The threat of New Entrants: (weak force)
The pharmaceutical Industry had not seen many new entrants. Barriers to entry are significantly high, given the emphasis on cutting-edge research and development intensity. Costs are very high in this area. With significant barriers to entry in place, potential entrants have little incentive to invest since incumbent firms are earning a competitive advantage. The major barriers to entry include a) economies of scale; b) product differentiation; c) cost advantage independent of scale; and d) government regulation (new drug approval process).
Rivalry among Members: (moderate force)
Rivalry is the intensity of competition among firms’ direct competitors. In the Pharma industry, there are relatively few major drug companies, products are highly differentiated, and the industry growth is strong with plenty of capacity to supply the market.
The threat of Substitutes: (strong force)
Substitutes meet approximately the same customer needs but do so in different ways. Generic drugs are considered substitutes in the Pharma industry since they come with copycat products bypassing the development process. These substitutes place a ceiling on the prices firms can charge and on the profits that they can earn.
Bargaining Power of Suppliers. (weak force)
Suppliers can threaten the performance of firms in the Industry by increasing the price of their supplies or by reducing the quality. Indicators of the threats of suppliers in the Industry include – the suppliers’ Industry is dominated by a small number of firms, and suppliers sell unique or highly differentiated products. In the case of the Pharma industry, members are not important customers for suppliers. The pharma industry is somewhat immune to these threats, given that the raw materials (chemicals) are commodities and available through many suppliers.

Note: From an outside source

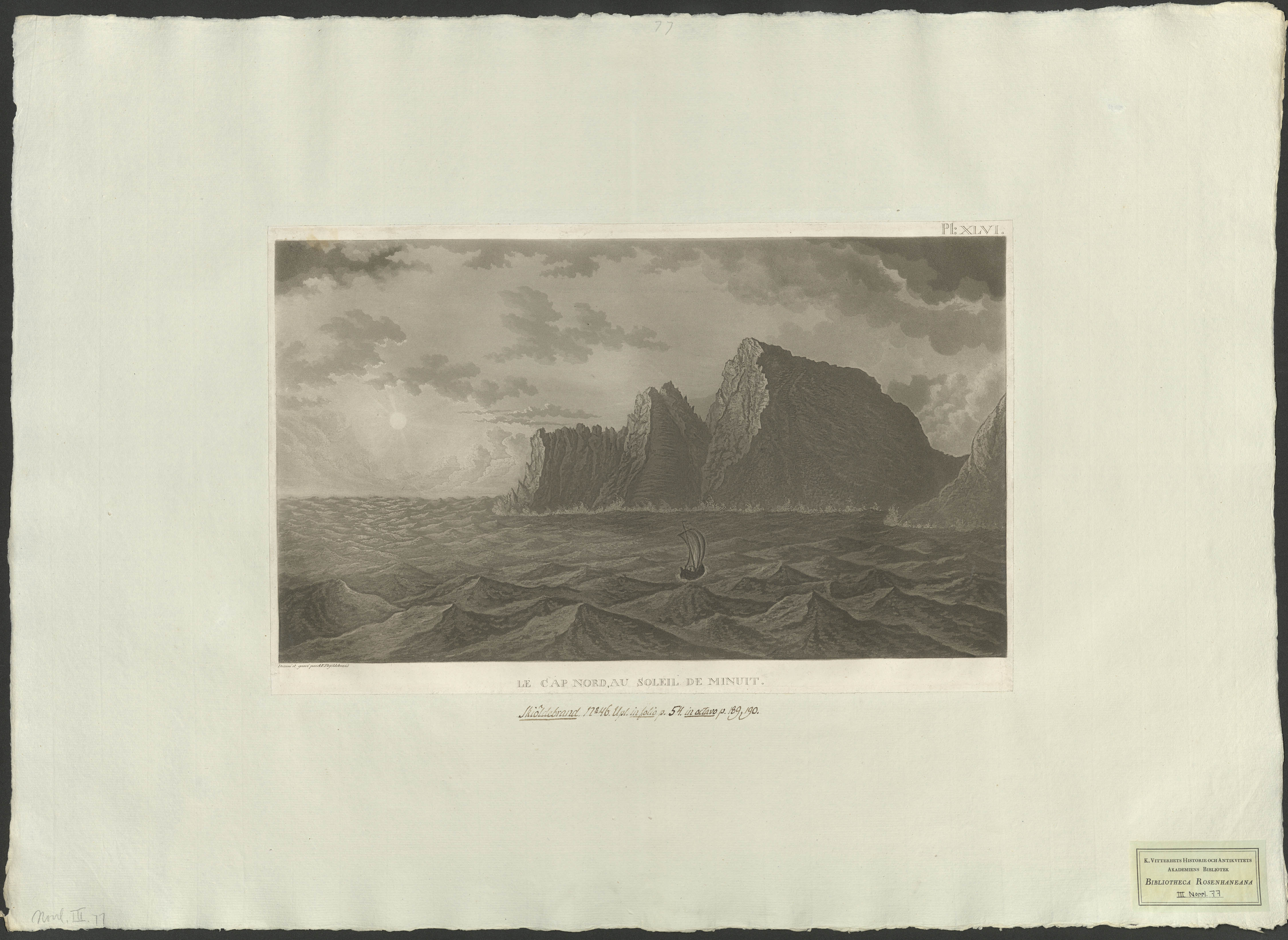 Beskrivning: 1 grafiskt bl. : Vy över klipporna vid Nordkap. dessiné et gravé par A. F. Skjöldebrand
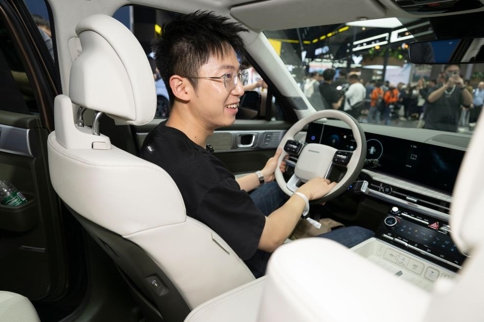 ?4月25日,在北京中國(guó)國(guó)際展覽中心順義館舉行的2024北京車展上,觀眾觀看北京現(xiàn)代全新勝達(dá)。新華社記者才揚(yáng)攝

Bargaining Power of Buyers: (weak force)
Indicators of increasing bargaining power of buyers in the Industry include – a small number of buyers, industry products are differentiated, and products are a significant percentage of a buyer’s final cost. In The Pharma industry, buyers such as the large high-volume retailers (Walmart, CVS, Costco, among others) can exert some pressure over members but are far away from being successful given the high differentiation that exists among the branded products.